### What you will do:
Look through the data below and output, unchanged, every line from the one holding "Чистовой пол: |" through the one holding "Глибенфор таб. п/пл.", inclusive. Skip the pictures.
[Opening Data section]
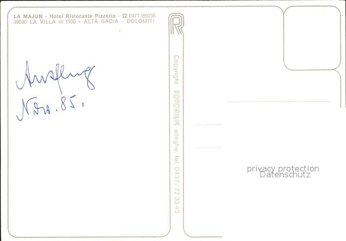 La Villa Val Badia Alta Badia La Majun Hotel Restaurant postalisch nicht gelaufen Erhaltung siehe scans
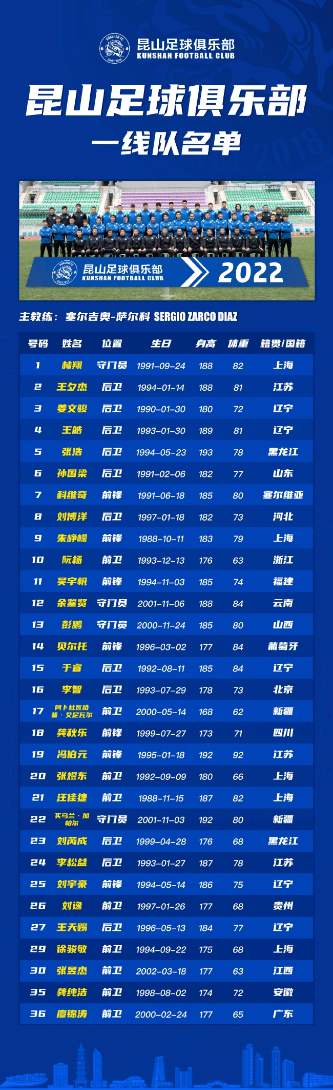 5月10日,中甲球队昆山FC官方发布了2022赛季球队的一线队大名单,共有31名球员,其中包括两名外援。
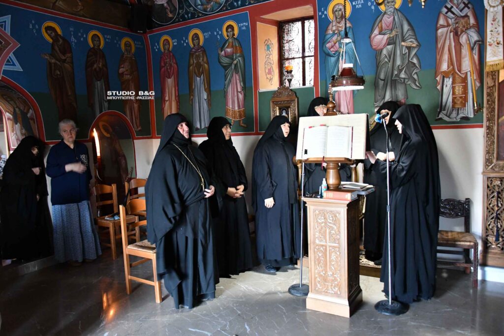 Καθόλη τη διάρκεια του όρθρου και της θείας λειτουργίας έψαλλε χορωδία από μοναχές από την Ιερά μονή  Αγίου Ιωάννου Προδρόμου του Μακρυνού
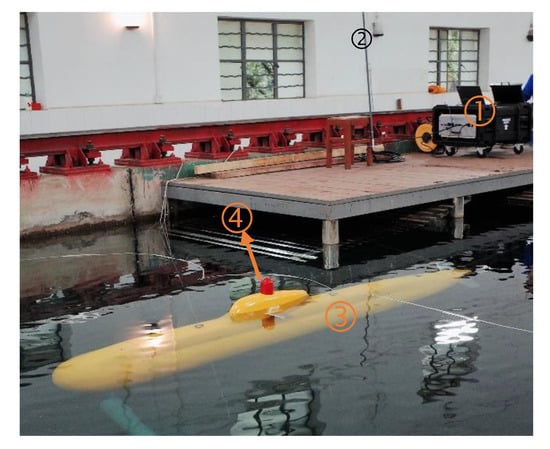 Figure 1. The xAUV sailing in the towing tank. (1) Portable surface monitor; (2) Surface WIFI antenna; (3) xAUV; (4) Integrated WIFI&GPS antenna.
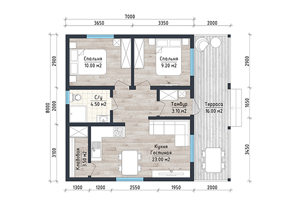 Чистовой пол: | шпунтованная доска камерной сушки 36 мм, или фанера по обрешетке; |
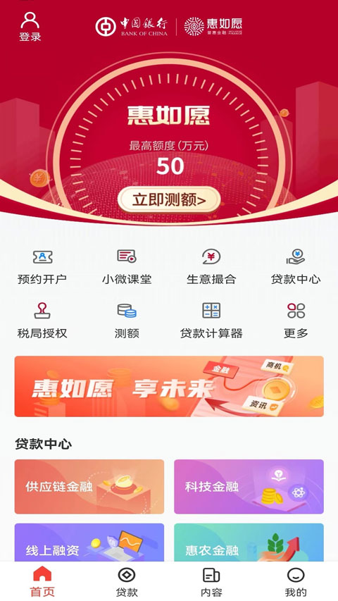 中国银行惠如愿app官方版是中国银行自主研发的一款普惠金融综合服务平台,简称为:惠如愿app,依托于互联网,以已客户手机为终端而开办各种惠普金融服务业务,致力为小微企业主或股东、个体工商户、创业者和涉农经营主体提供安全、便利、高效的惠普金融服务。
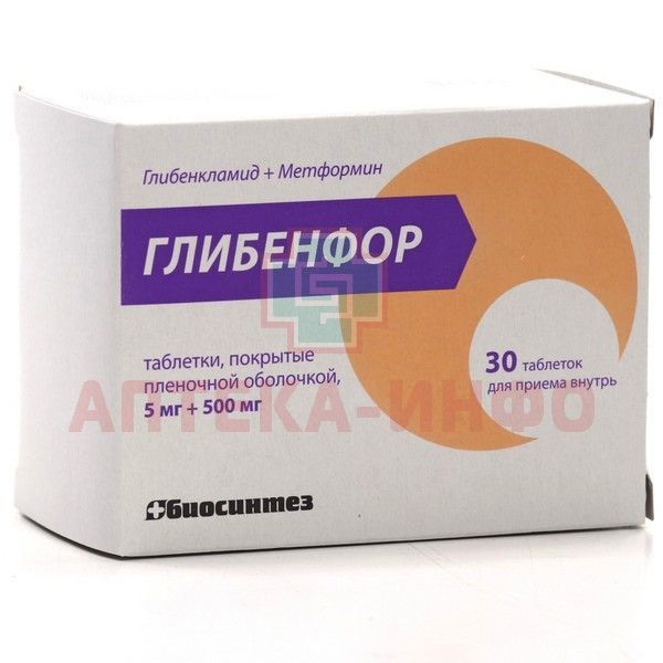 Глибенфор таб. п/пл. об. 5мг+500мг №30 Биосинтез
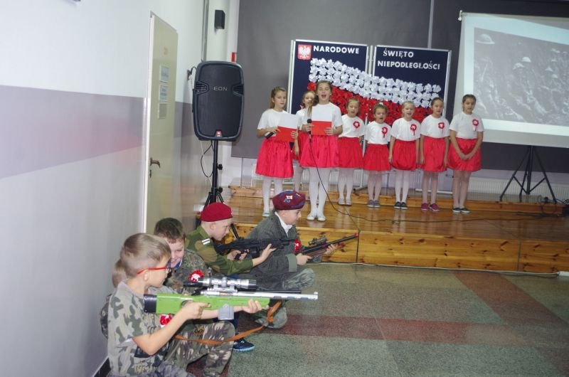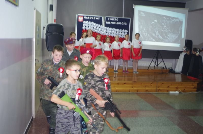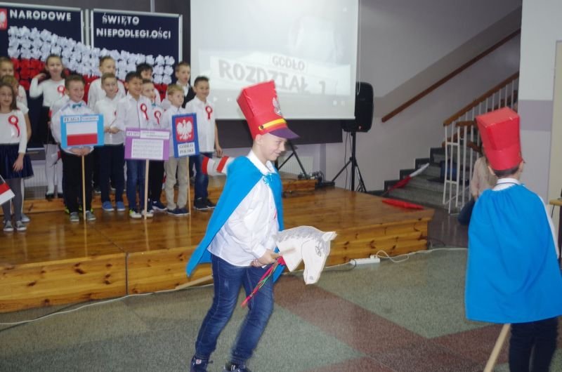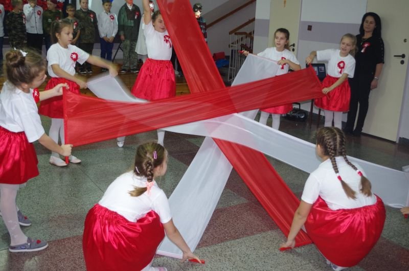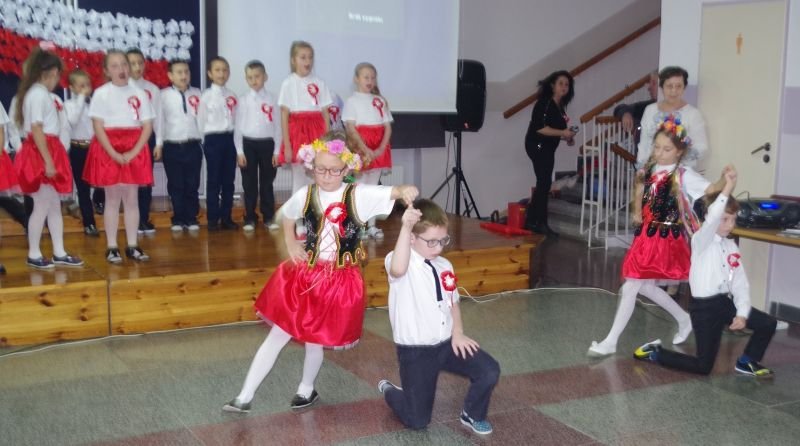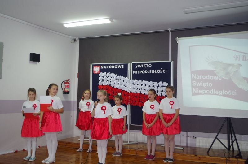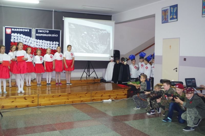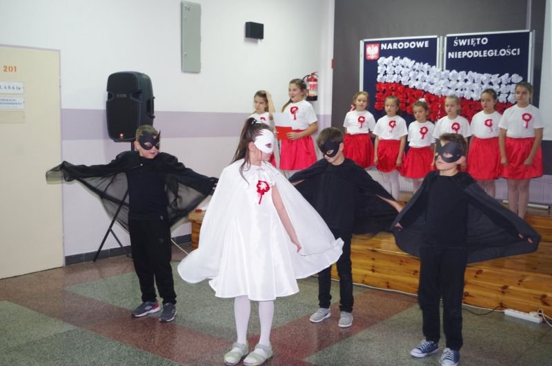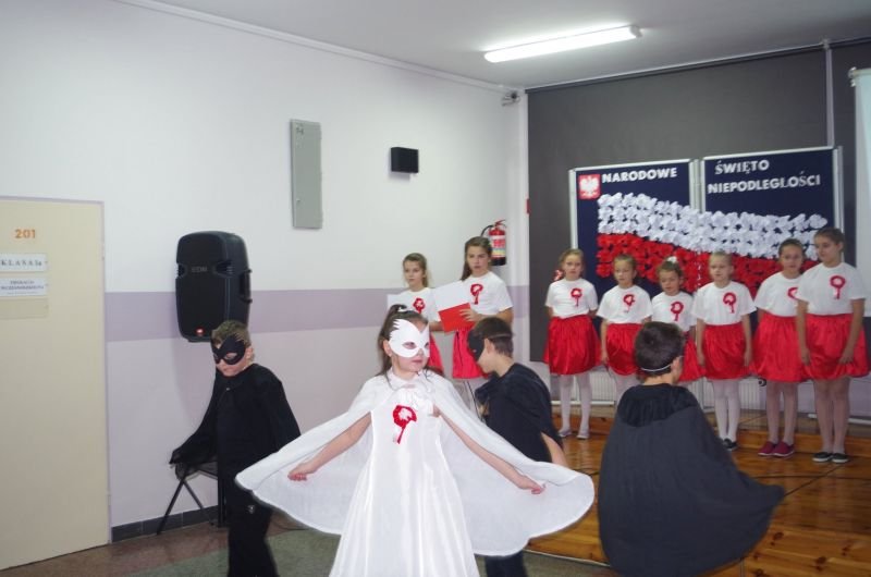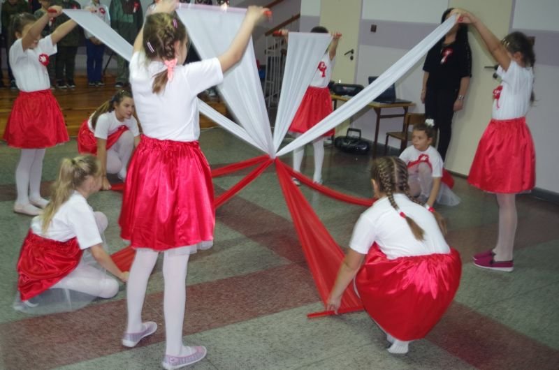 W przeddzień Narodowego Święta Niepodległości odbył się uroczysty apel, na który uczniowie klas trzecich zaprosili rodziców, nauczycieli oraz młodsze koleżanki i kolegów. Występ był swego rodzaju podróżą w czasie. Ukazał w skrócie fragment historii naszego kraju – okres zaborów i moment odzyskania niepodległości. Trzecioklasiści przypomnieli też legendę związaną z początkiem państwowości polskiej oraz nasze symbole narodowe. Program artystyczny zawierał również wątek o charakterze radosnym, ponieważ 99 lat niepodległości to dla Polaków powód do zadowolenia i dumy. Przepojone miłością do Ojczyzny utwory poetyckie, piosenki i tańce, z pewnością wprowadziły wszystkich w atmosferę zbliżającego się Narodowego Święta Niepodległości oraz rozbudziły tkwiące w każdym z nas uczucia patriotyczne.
[Closing Data section]
### Solution to this task:
 Чистовой пол: | шпунтованная доска камерной сушки 36 мм, или фанера по обрешетке; |
 中国银行惠如愿app官方版是中国银行自主研发的一款普惠金融综合服务平台,简称为:惠如愿app,依托于互联网,以已客户手机为终端而开办各种惠普金融服务业务,致力为小微企业主或股东、个体工商户、创业者和涉农经营主体提供安全、便利、高效的惠普金融服务。
 Глибенфор таб. п/пл. об. 5мг+500мг №30 Биосинтез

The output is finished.